1. Card problem

6 cards are placed face down on a table. Some are red and some are white. You guess all 6 at random.
a) Suppose you are told that 2 are red and 4 are white cards. The rule is you must guess which two are red and which two are white. What is the probability that you get k correct, k=1,2,3,4,5, or6?
b) 3 are red and 3 are white. The rule is you have to guess which 3 are red and which 3 are white. What is the probability that you get k correct, k=1,2,3,4,5,or 6?
c) 1 is red and 5 are white. What is the probability you get k correct, k=1,2,3,4,5 or 6?

How many times are you supposed to pick.... since there 2reds and 2whites you need so i thought this would mean picking 4times... reply

3. Hello, wvlilgurl!

You have a typo . . . a bit misleading.
And the instructions need some clarification.

Six cards are placed face down on a table.
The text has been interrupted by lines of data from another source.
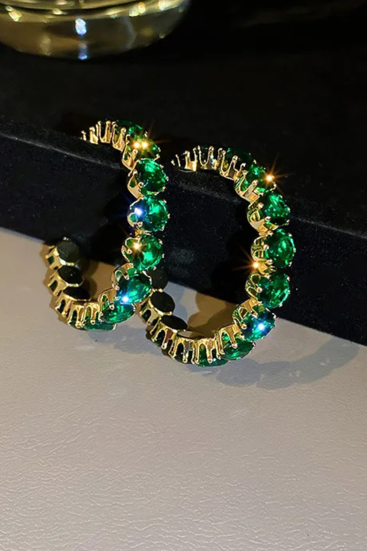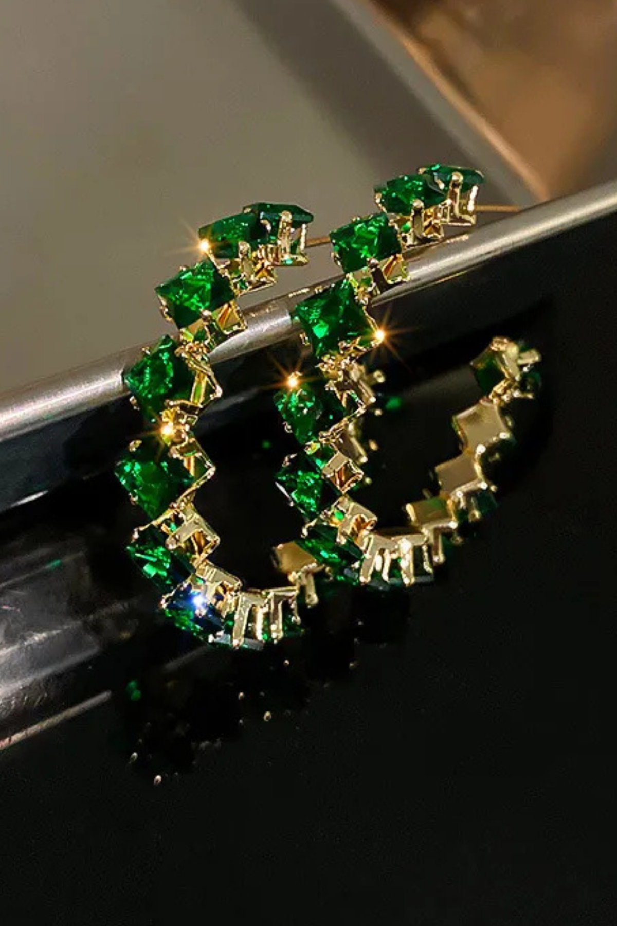 Available in two stunning styles, choose from classic round-cut stones or eye-catching square-cut stones. Each style comes in rich emerald green for a dramatic pop of color or timeless clear for that diamond-inspired glow. The structured C shape gives the illusion of a full hoop while remaining lightweight and easy to wear.
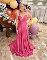 A-Linie Spaghettiträger Überkreuzter Rücken Fuchsia Lange Abendkleider Brautjungfernkleider Abendkleid Ballkleid
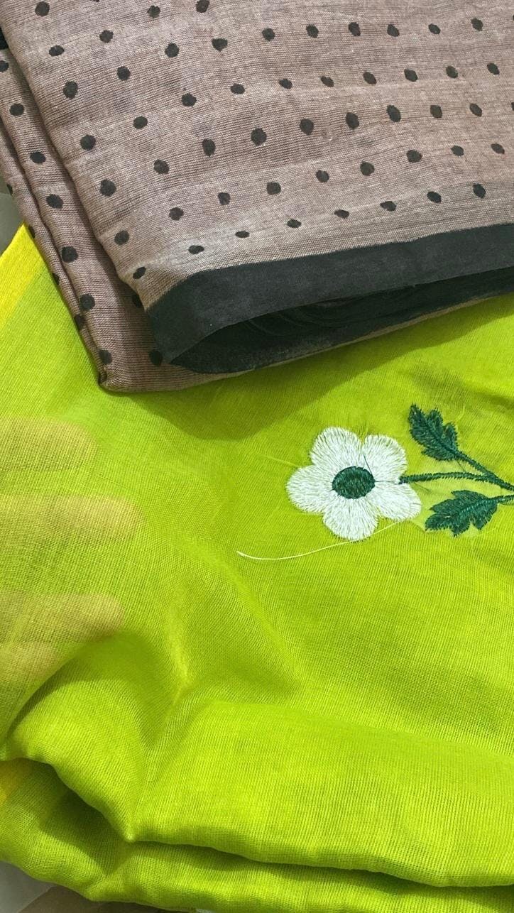 Lime green floral embroidery mulmul cotton saree all over embroidery
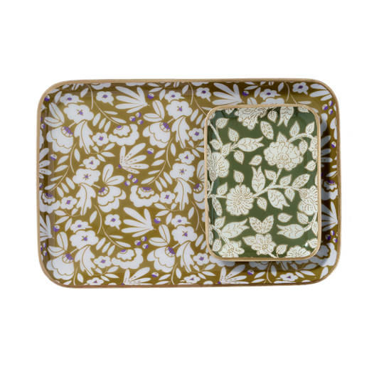IRIS -Plateau à fleurs en métal émaillé - Curry
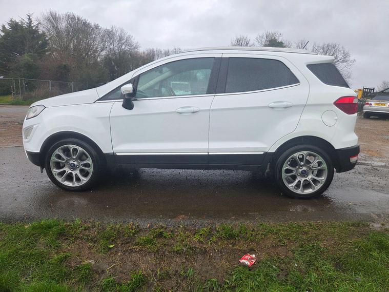 This 2020 Ford EcoSport T Titanium is presented with a clear vehicle history check, offering peace of mind for its next owner. Powered by an efficient 1.0 litre petrol engine and meeting Euro 6 emissions standards, this model combines practicality with modern technology. Inside, you'll find the Ford SYNC 3 Navigation system featuring an 8 inch touchscreen, complete with Android Auto and Apple CarPlay for seamless smartphone integration. Comfort is further enhanced by Electronic Automatic Temperature Control air conditioning, ensuring a pleasant cabin environment regardless of the weather.The EcoSport T Titanium also boasts a Rear View Camera Pack, which includes parking assistance with both a rear camera and rear sensors, making manoeuvring in tight spaces considerably easier. Automatic headlights are also included, providing added convenience and safety. With an impressive fuel economy of 48 mpg and low CO2 emissions, this Ford EcoSport demonstrates a commitment to efficiency that sets it apart from many other vehicles in its class..

Some are red and some are white.
You guess all 6 at random.

a) Suppose you are told that 2 are red and 4 are white cards.
You must guess which two are red and which four are white.
What is the probability that you get k correct, k = 1,2,3,4,5,6 ?
It depends on what is meant by "guess at random."
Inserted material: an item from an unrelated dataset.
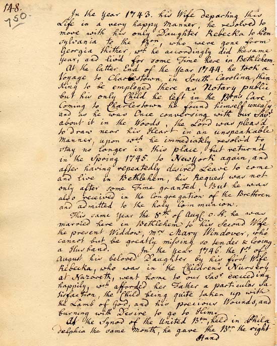 In the year 1743, his wife departing this life in a very happy manner, he resolved to move with his only daughter Rebecka to Pennsylvania to the Brethren, who were gone from Georgia thither, which he accordingly did the same year, and lived from some time here in Bethlehem.
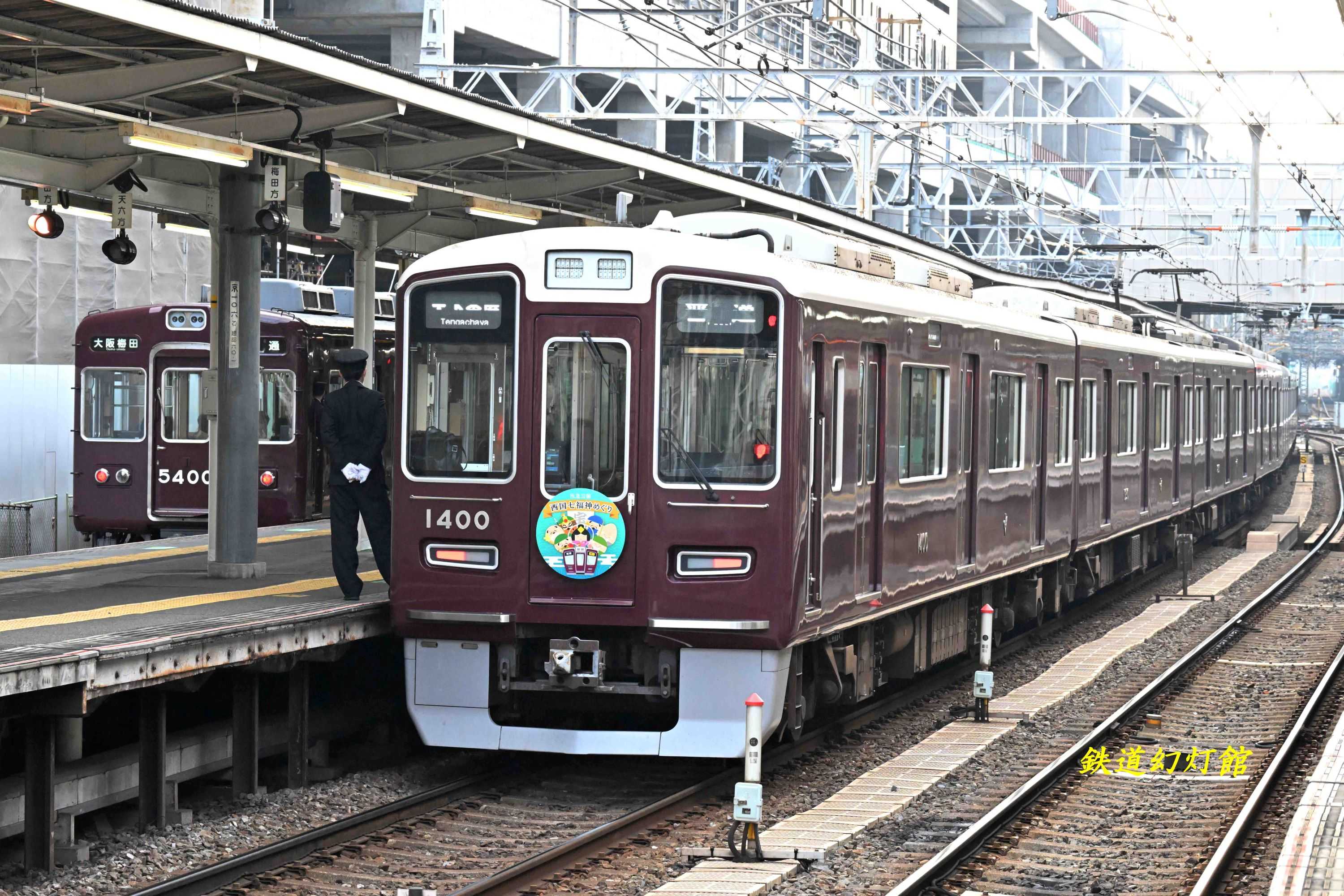 毎年、正月恒例の阪急干支ヘッドマーク以外に、もう一つのお約束は西国七福神めぐりヘッドマークです。これは、数年前にデザインが一新されたのですが、それ以降は同じものが掲出されています(前後で色違いになります)。今年はこのヘッドマーク掲出車を京都線の淡路駅で撮影しました。

If each guess is independent of the others, then we can use a strategy.
. . $\displaystyle P(\text{guess Red}) = \frac{1}{3},\;\;P(\text{guess White}) = \frac{2}{3}$

So it is possible that our guess might be: RRRRRW,
. . which we know is impossible,
. . but would be included in our calculations.

We could make a guess with two Reds and four Whites each time.
The probabilties can be calculated by Brute Force.

There are: .$\displaystyle {6\choose2,4} = 15$ possible ordering, listed below.

. . $\displaystyle \begin{array}{c}R\,R\,WWWW \\ R\,WR\,WWW \\ R\,WWR\,WW \\ R\,WWWR\,W \\ R\,WWWWR \end{array}$ . . . $\displaystyle \begin{array}{c} WR\,R\,WWW \\ WR,WR\,WW \\ WR\,WWR\,W \\ WR\,WWWR \\ WWR\,R\,WW \end{array}$ . . . $\displaystyle \begin{array}{c}WWR\,WR\,W \\ WWR\,WWR \\ WWWR\,R\,W \\ WWWR\,WR \\ WWWWR\,R \end{array}$

If we guess any one of the above orderings, we will guess:

. . 2 correctly $\displaystyle \frac{6}{15}$ of the time, 4 correctly $\displaystyle \frac{8}{15}$ of the time, 6 correctly $\displaystyle \frac{1}{15}$ of the time.

Therefore: . $\displaystyle \boxed{\begin{array}{ccc}P(1) &=& 0 \\ \\[-4mm] P(2) &=&\frac{2}{5} \\ \\[-4mm] P(3) &=&0 \\ \\[-4mm] P(4) &=& \frac{8}{15} \\ \\[-4mm] P(5) &=& 0 \\ \\[-4mm] p(6) &=& \frac{1}{15} \end{array}}$